The last aspects that could affect off-premises only units are the cost of packaging and potentially, food safety. To ensure food safety, orders via third-party delivery often require additional packaging steps compared to dine-in orders and even more traditional to-go or delivery orders. These added steps can drive up costs and complexity. Also, a challenge for all delivery concepts is the food’s transit time is not under your control and is often not in a temperature- controlled environment. These factors can make keeping food at safe temperatures  a challenge.

Unit Economics: A Simple Off-Premises P&L Framework

Like with any business, a higher top line makes the bottom line work better. When the digital sales effort works, and the concept successfully generates sales similar to a traditional restaurant, it unlocks many potential benefits. Assuming  $1.0 to $1.2 million amount in annual sales for a single kitchen with hybrid pickup/delivery, we could expect the cost of goods sold to be in the 29% to 31% range. This is a little higher than normal to account for packaging that goes with third-party sales.

In contrast, under the same scenario, the labor picture could be a little brighter than traditional restaurants in an off-premises centric  scenario. Relying more heavily on digital orders means staff does not have to enter checks into the point-of-sale system and collect payment, which can account for 15% to 25% of work content. Labor efficiency could be further improved with automation and a simpler management model since there are  less staff and guest interactions.

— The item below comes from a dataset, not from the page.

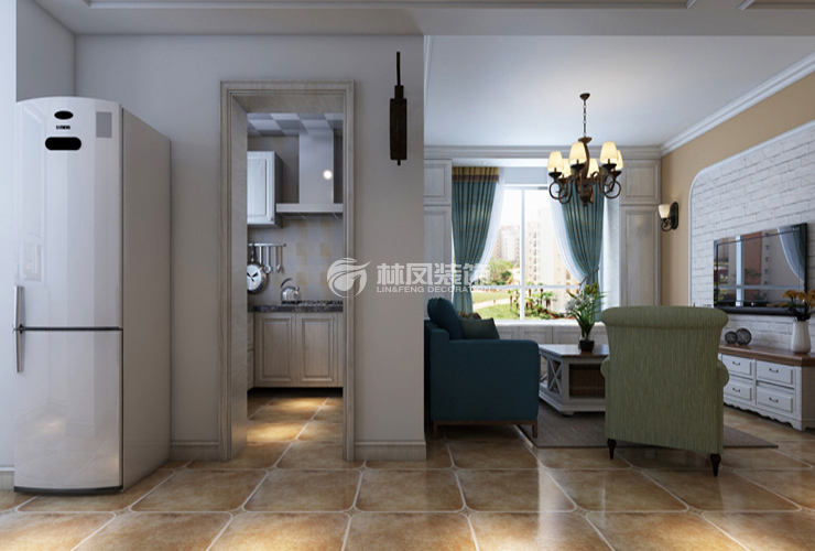 三室兩廳一廚兩衛(wèi),高層整體采用美式風格,色調以深色為主,體現美式的居家感和溫馨感。
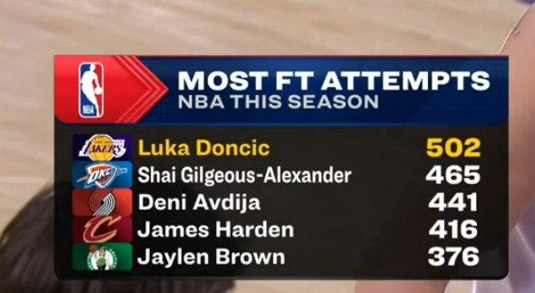 开云登录入口地址-东契奇本赛季罚球超500个联盟首人 亚历山大465个排第二&哈登第四

Given that off-premises-centric facilities tend to be smaller, occupancy and utilities should be better than the 10% to 13% benchmark. A target of 8% to 10% in a smaller box with the right equipment should be achievable.

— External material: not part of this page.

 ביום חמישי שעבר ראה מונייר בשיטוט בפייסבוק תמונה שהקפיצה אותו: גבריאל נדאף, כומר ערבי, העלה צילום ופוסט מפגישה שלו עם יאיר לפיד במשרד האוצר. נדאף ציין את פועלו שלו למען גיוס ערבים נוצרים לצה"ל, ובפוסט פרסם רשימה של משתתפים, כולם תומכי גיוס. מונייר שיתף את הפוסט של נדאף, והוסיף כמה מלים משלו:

Commissions to third-party companies  often come in at around 8%, which represents a critical cost to manage.

What’s the bottom line? After taking into account the factors outlined above, an off-premises-centric concept could still outperform a traditional restaurant by 2% to 3% in terms of profitability if all other costs are in line.

Equipment and Layout: What Belongs in an Off-Premises Only Box

When designing an off-premises only restaurant, a few key elements must be present.

First and foremost, guests and delivery drivers must be able to find the concept both digitally and  physically. Some concepts rely solely on third-party aggregators, but this carries a high commission cost.

For high-volume units, consider multiple makelines. Pay special attention to the design for delivery and pickup stations to ensure they are easy to find and execute by your team members. A huge part of this is the expo or packaging station for checking, consolidating, packing, labeling, and sealing the orders. If the business has a high delivery incidence and that delivery is done internally, the task to assign, route and consolidate orders becomes key, mimicking an air traffic controller at an airport trying to land all orders as efficiently as possible. Automation forward kitchens, combining traditional spaces with higher degrees of technology can help by shifting labor from assembly to ingredient preparation, restocking and order delivery.

In the post pandemic era, ghost kitchens promised low overhead and unlimited virtual menus, but many struggled realizing the sales, customer connection, and overall presence. And the reality is that brands that have multiple sales channels will have a higher chance of success, so combining small storefronts and pickup hubs for people, via counters or windows or cars via drive-thru paired with delivery options could give brands a higher chance of success.

As a result of all these factors, we see that hybrid model that has sales shared by multiple revenue centers, but with a focus on the production, packaging, and delivery for optimized off-premises as a winning formula.